I acknowledge the complex work undertaken at OpenAI,, EleutherAI, Synthesia, and other technologies referenced in this article and its related resources. Importantly, given the speed of AI development, this article should be considered superseded within 24 months of its initial release in June 2021. Revisions are to be expected. Correspondence concerning this article should be addressed to Dr Alan D. Thompson, Life Architect, Australia, 2021.

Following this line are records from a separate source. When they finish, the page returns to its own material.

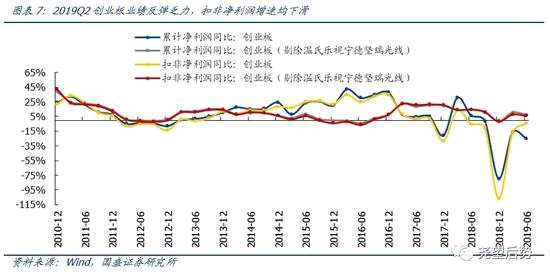 創(chuàng)業(yè)板整體2019Q2的凈利潤(rùn)同比增速為-24.62%,較2019Q1的-16.74%下降了7.88%;扣非凈利潤(rùn)同比增速為-4.30%,較2019Q1的-17.26%回升了12.96%。創(chuàng)業(yè)板剔除溫氏樂(lè)視寧德堅(jiān)瑞光線2019Q2凈利潤(rùn)同比增速為7.40%,較2019Q1的10.46%下降了3.06%;扣非凈利潤(rùn)同比增速為6.25%,較2019Q1的7.93%下滑1.69%。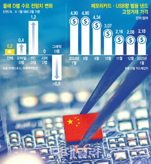 업계 안팎에서는 중국의 소비 부양책으로 재고 과잉이 해소되고 소비 심리가 개선되면서, 올해 하반기부터는 레거시 메모리 가격이 반등할 것이라는 전망이 나온다. 김동원 KB증권 연구원은 “이구환신 정책이 스마트폰과 PC 수요를 자극하면서 메모리 재고는 이번달 이후 가파르게 감소할 것”이라며 “다음달부터는 메모리 신규 수요가 발생하고 하반기에는 범용 메모리 가격이 상승 전환할 것”이라고 내다봤다.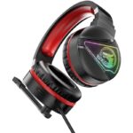 W104 is a red LED‑lit gaming headset with 50 mm drivers, a flexible mic, dual USB/3.5 mm connectivity, and padded comfort—built to enhance both gameplay and voice chat.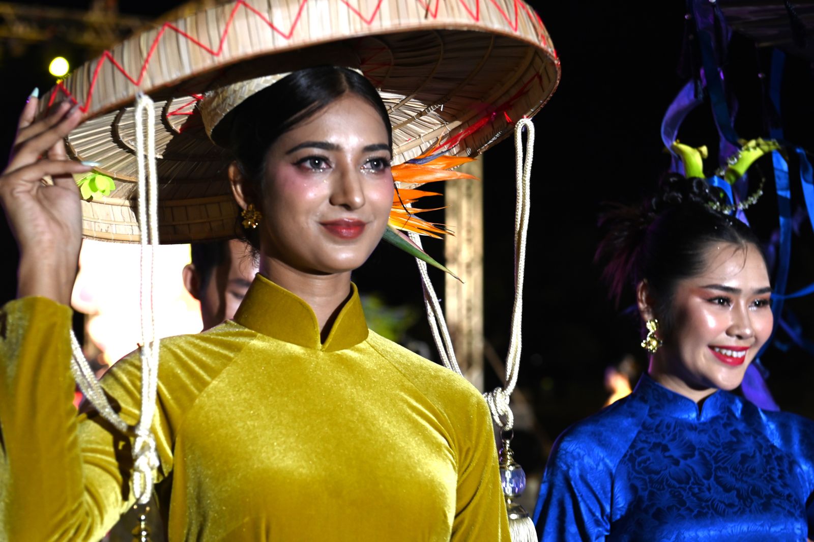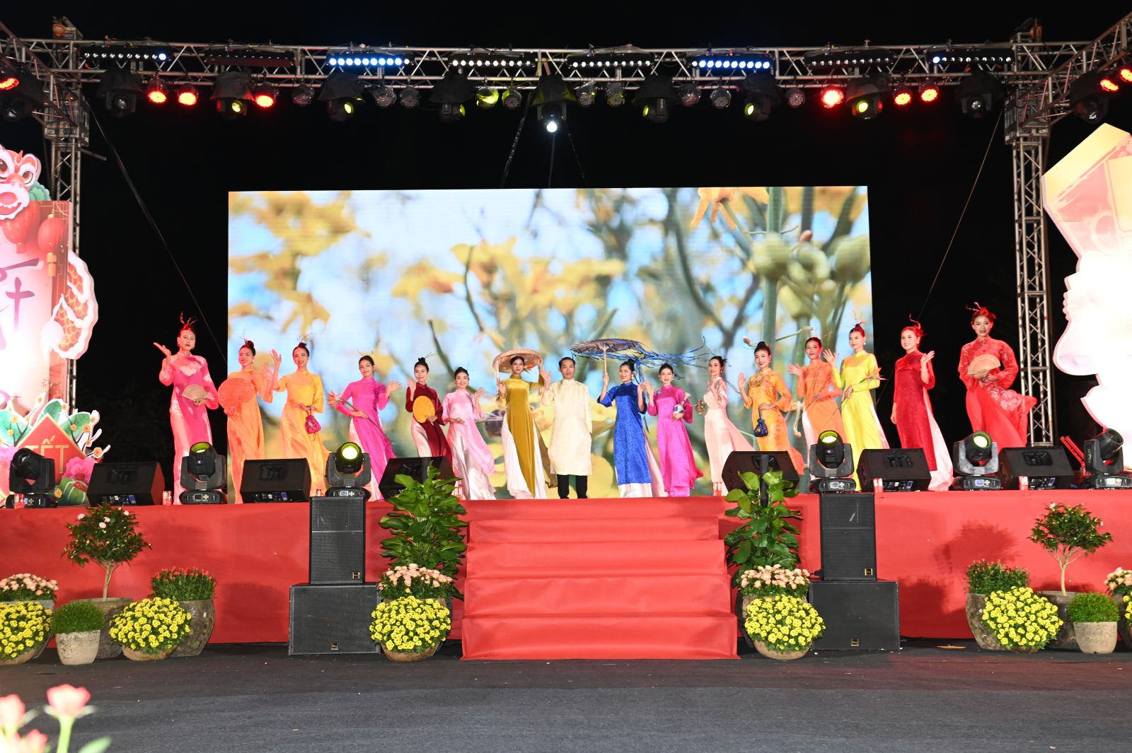 Điểm nhấn của chương trình là màn trình diễn thời trang áo dài độc đáo với chủ đề “Sắc hương xuân” của nhà thiết kế Tân Lê. Đặc biệt có sự tham gia của Hoa hậu Hoàn vũ Lào Soliya Bounsayngam, Miss Celeste India 2024 - Á hậu Siêu toàn cầu quốc tế 2024 Sangeeta Rani.

Suits. Honour, flowers… Colonel, those are all tile sets in Mahjong. God, are they using a game to converse with their heptapods?

Maybe. Why?

Well, let’s say that I taught them chess instead of English. Every conversation would be a game, every idea expressed through opposition, victory, defeat. You see the problem? If all I ever gave you was a hammer…

Everything’s a nail.

— (Arrival, 2016)


Innovations like Artificial Intelligence (AI) and neural lace are already here, even if they are not yet in most of society’s field of vision (Thompson, 2020). The world of integrated AI supplementing and replacing our intelligence is moments away (Thompson 2021a; 2021b).

Data scientists training language models used as a basis for AI are currently seeking to obtain as much data as possible. The datasets used to train current language models like GPT-3 (Brown et al, 2020) and GPT-Neo/The Pile (Gao et al, 2020) averages about one terabyte—or more than 83 million pages—of text. 

Thousands of years ago, Plato (1999) warned that: ‘In the world of knowledge, the idea of good appears last of all’. Training an AI on the largest possible corpora (datasets) without paying attention to the necessary subsequent layers isn’t good enough.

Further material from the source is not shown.